I stare up at him. How can he possibly know that? “You can read minds.”

“Human thoughts are loud. We take what’s offered. Humans offer too much. Of everything.”

“What are you going to do? Teach me to fight?” I glance down at my slender arms. Though strong from gardening, milking, and working our land, I doubt I possess the ability to hurt another human being. I would feel their pain. I don’t invite that.

“Not me.”

He escorts me from the elevator into the most blissfully silent corridor I’ve ever walked. I turn in a slow circle, listening but hearing nothing. This level must be powerfully soundproofed. There’s no faint beat of music, not even white noise, only the perfect absence of sound. “Who, then?”

He guides me down the hall with a hand at the small of my back, opens another door, and we step into a dimly lit, long room with faintly illuminated rectangles that lead to additional rooms beyond.

There are no furnishings here. No table, sofa, rug, or chair. The floors are polished ebony. The walls are ivory. A diffuse glow emanates from the perimeter of high, coffered ceilings with stamped leather insets above Romanesque cove moldings. There are large corbels on two of the walls, as if once treasures were displayed. The room is refined.

The occupant is not.

A man is stretched on the floor, staring up, arms crossed behind his head. Like the rest of Ryodan’s men, he is tall, wide, powerfully muscled, scarred, and not there. He wears black camouflage pants low at his hips, feet bare. His arms are tattooed, his head nearly shaved, his face shadowed dark with stubble. He looks like a rogue military commander from a unit the world never hears about.

“Kasteo will be your instructor.”

I stare at him in disbelief. Jo has told me tales of the Nine, though they’ve been of little use. Kasteo is the one that does not speak. According to Jo, something transpired a long time ago and he hasn’t uttered a word since.

“Is this your idea of a joke? He doesn’t talk!”

“You don’t listen. Match made in heaven.” Ryodan stalks over to Kasteo and looks down at him. “Kasteo will be your instructor,” he says again, but this time it’s an order and a warning to the man on the floor. “The woman feels the pain of the world. You’ll teach her to stop feeling it. Then you will help her learn to control her environment. Finally, you will teach her to fight.”

Kasteo, of course, says nothing. I’m not certain he even heard. He appears in a trance, elsewhere.

Ryodan walks to the door. “You’ll remain with him until I decide you’ve gotten what you came for.” The door closes behind him, and I stand there a moment, staring blankly at it, then at Kasteo.

I rush to the door and place my palm to the wall where Ryodan pressed it, but nothing happens.

I hammer on the door. “Ryodan! I must return to the abbey! Ryodan, let me out!”

The only response is the most enormous silence I’ve ever heard.

“This is not what I meant!”

I hammer until my fists are bruised.

“Ryodan, you can’t do this! My charges need me!

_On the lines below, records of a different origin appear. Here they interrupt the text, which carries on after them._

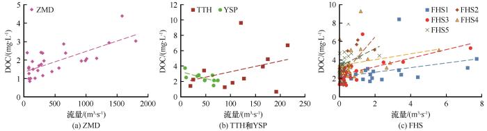 ... 空间尺度上,长江源多年冻土区上游DOC浓度大于下游DOC浓度,原因可能是:(1)下游的高径流虽然带来了更多的有机碳物质,但同时也稀释了DOC的浓度,并且稀释作用大于冲刷作用导致DOC浓度较低;(2)根据河流连续体概念[56 ] ,上游地区单位水域面积接受的陆源有机碳大于下游地区;(3)河流有机碳在河流向下输送的途中还存在着过程性的微生物和光化学降解,导致下游河流DOC浓度较小.在长江源多年冻土区的8个研究流域中,只有雁石坪流域DOC浓度与径流量呈负相关,其余7个流域均呈正相关(图8 ).下游直门达水文站处DOC浓度与径流量相关系数最大,达到0.73,这可能与其流域面积大,径流量大,DOC日通量大相关. ...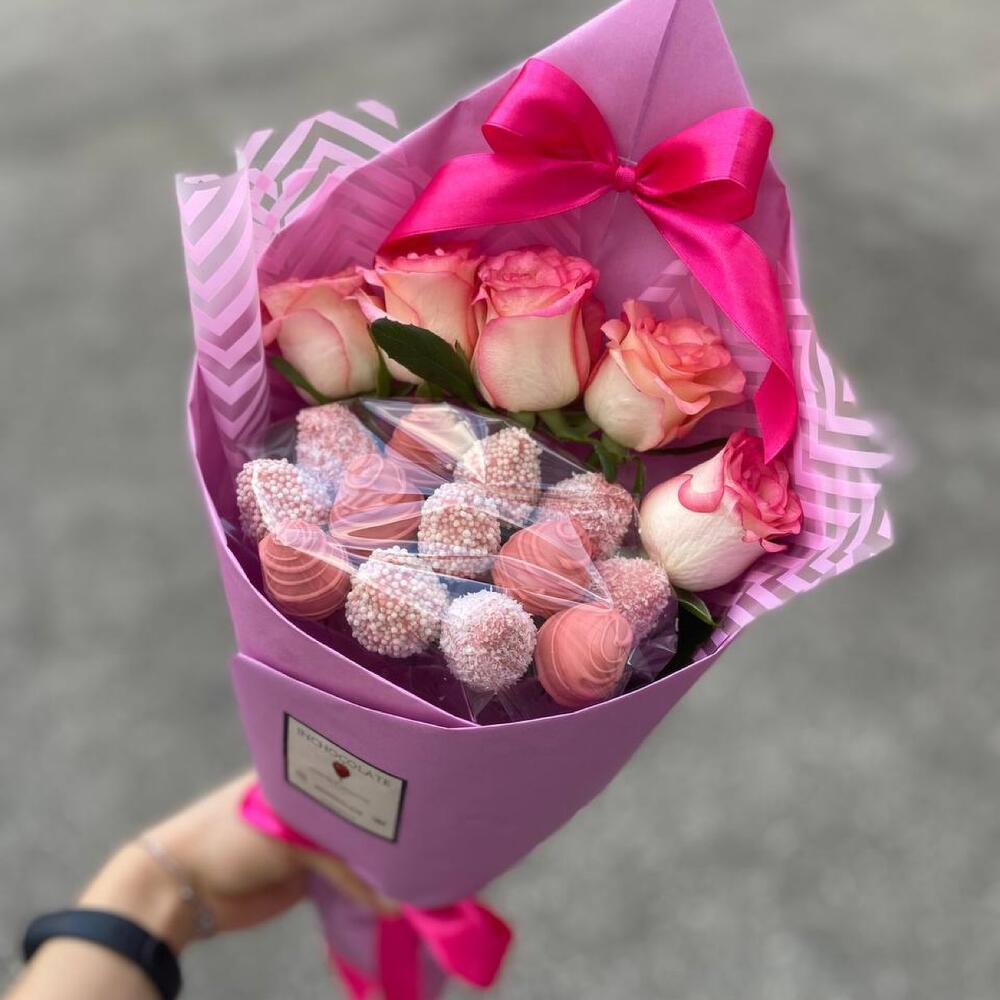 Роза – 5 шт. Упаковка – 2 шт. Клубника в шоколаде – 180 гр.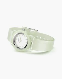 - Recycled thermoplastic polyurethane band with silver buckle closure.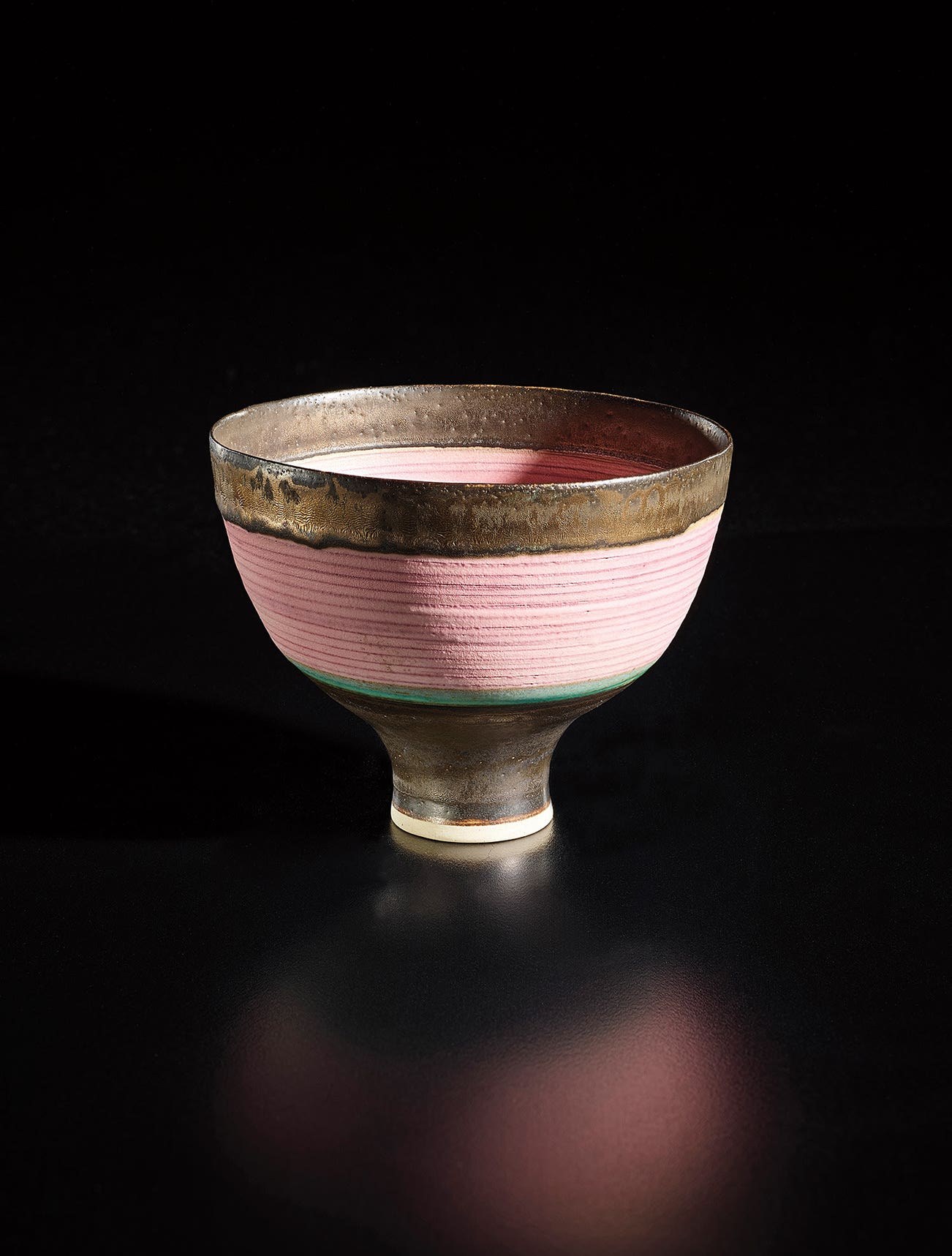 Austrian | B. 1902 D. 1995Dame Lucie Rie studied under Michael Powolny at the Kunstgewerbeschule in Vienna before immigrating to London in 1938. In London she started out making buttons for the fashion industry before producing austere, sparsely decorated tableware that caught the attention of modernist interior decorators. Eventually she hit her stride with the pitch-perfect footed bowls and flared vases for which she is best-known today. She worked in porcelain and stoneware, applying glaze directly to the unfired body and firing only once. She limited decoration to incised lines, subtle spirals and golden manganese lips, allowing the beauty of her thin-walled vessels to shine through. In contrast with the rustic pots of English ceramicist Bernard Leach, who is considered an heir to the Arts and Crafts movement, collectors and scholars revere Rie for creating pottery that was in dialogue with the design and architecture of European Modernism.

There are things you don’t know! I came here to tell you!”

I feel as if I’m in the bowels of the earth, forgotten.

I shout until my throat burns.

The man on the floor never stirs.

I’m unable to count the passage of time in this silent, empty place.

After a length of it, I sink to the floor and lean back against the wall, one hand resting lightly on my belly.

Surely he’ll feed me.

Surely there is a bathroom here somewhere.

Surely he’ll come back so I can convey to him the urgent state of our abbey.

I sit and stare like the unmoving, unblinking man on the floor. After a time, I become aware of the simplicity of the moment. Not only is there no sound on this level, there seems to be a dearth of emotion.

Cautiously, I lower the shields I’ve held since I was five years old, barriers that have shut out the world, and walled me in.

Nothing.

Again, I lower, lower. When I continue to encounter nothing, I take a deep breath, brace myself, and drop them flat.

I gasp.

Still – nothing!

I feel no anger or greed, no lust or fear or pain or need. That’s always the worst for me: the many crushing, painful needs that can never be satisfied. Here, deep below Chester’s, there is absolutely no emotion charging the air, compressing me, forcing me into a defensive posture.

It’s sublime. My heart can breathe.

For the first time in my life, I feel only me.

I didn’t even know what I felt like.

For the first time in my life, I can hear myself think.